After carefully inspecting the hat shop, wearing white curatorial gloves, Gates Moresi told Limerick and her brother Sonny that the Smithsonian wanted to acquire the entire shop—hats, mirrors, furniture and all. “I almost fainted,” Limerick remembers. She knew that the hat shop she’d grown up in was “really special,” but to have the Smithsonian declare it a historical treasure was earthshaking.
When it came time to turn the store into a museum display, Gardullo, who curated the exhibit, says “I wanted to understand Mae’s hat shop as a powerful place.” In addition to allowing Mae to combine artistry and entrepreneurship, the hat shop was “highly political,” Gardullo says, because it served as a place of civic engagement and racial integration. Mae was a member of the N.A.A.C.P., and on election days, she turned the shop into a polling station; Limerick remembers local politicians stopping by to vote and enjoy some soup or a piece of cake.
Mae’s story also illustrates the central role of community in the Great Migration, Gardullo says: “[I]t’s more complex than just a single person picking up and transplanting themselves. In the case of African-American migration during the era of Jim Crow…they had to rely on a whole network of people, both in the places they were moving from and the places they were moving to.” Mae’s move and business success in Philadelphia was made possible, at least in part, by the family who cared for her son back in Georgia, who hosted her in Chicago while she attended millinery classes and who had already settled in Philadelphia, not to mention the support of the black-owned bank that issued her a loan or the apparel shop that gave her a first job in her new city.

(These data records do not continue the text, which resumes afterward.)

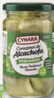
Carxofa CYNARA 10/12 314 MI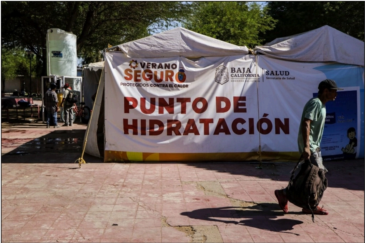
Agosto 21, 2024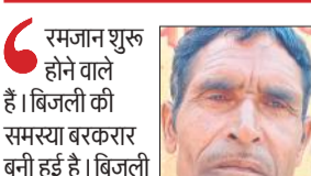
विभाग के अधिकारी नहीं सुन रहे हैं। अब डीएम के यहां जाकर गृहार लगाएंगे। विभाग को गांव की आपूर्ति सुचारु करनी चाहिए।

कि अधिकारी सुन नहीं रहे हैं। जिलाधिकारी के यहां दस्तक देगे। यदि फिर भी सुनवाई नहीं हुई तो आंदोलन करेंगे।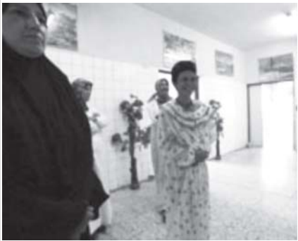
ဘဂ္ဂဒတ်မြို့၊ စိတ္တဝေဒနာရုံရှိ လူနာများကို ကြည့်ရှုနေသူများ (အင်တာနက်)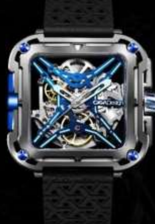
サイバーブルー X021-TIBU-W25BK ¥88,000 チタン合金

The intricate, painstakingly crafted hats on display also tell a story about the importance of hats to women, and particularly African-American women, at the time, Gardullo says. Hats, Limerick asserts, were “part of your wardrobe, part of womanhood, part of growing up”—women wore them everywhere, and especially to Sunday church services. After the 1960s, Limerick says, they became somewhat less popular among African-American women as afros and wigs grew in popularity.

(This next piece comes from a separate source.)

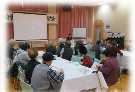
芦別市身体障害者福祉協会 「一日研修大会」

Mae Reeves herself never saw the exhibit at the National Museum of African American History and Culture, which opened in the fall of 2016; she passed away that December at the age of 104. Still, her hats live on—replicas are sold in the museum gift shop and they’ve even inspired a notable British milliner, Stephen Jones, to create a hat in her namesake. As my interview with Limerick came to a close, she chatted with a quartet of eighth-grade girls visiting from Florida, who promised her that they’d hold a hat-wearing tea party inspired by their visit to the recreated hat shop.
Limerick herself visits the exhibit often. As a former NPR documentary producer, she’s interviewed titans in African-American history like Rosa Parks, but it took the Smithsonian’s interest in the hat shop for her to fully realize her mother was a trailblazer too, one of many pioneering African-American businesspeople. “Who would have thought,” she says, “that an unknown person would be right next to Muhammad Ali?”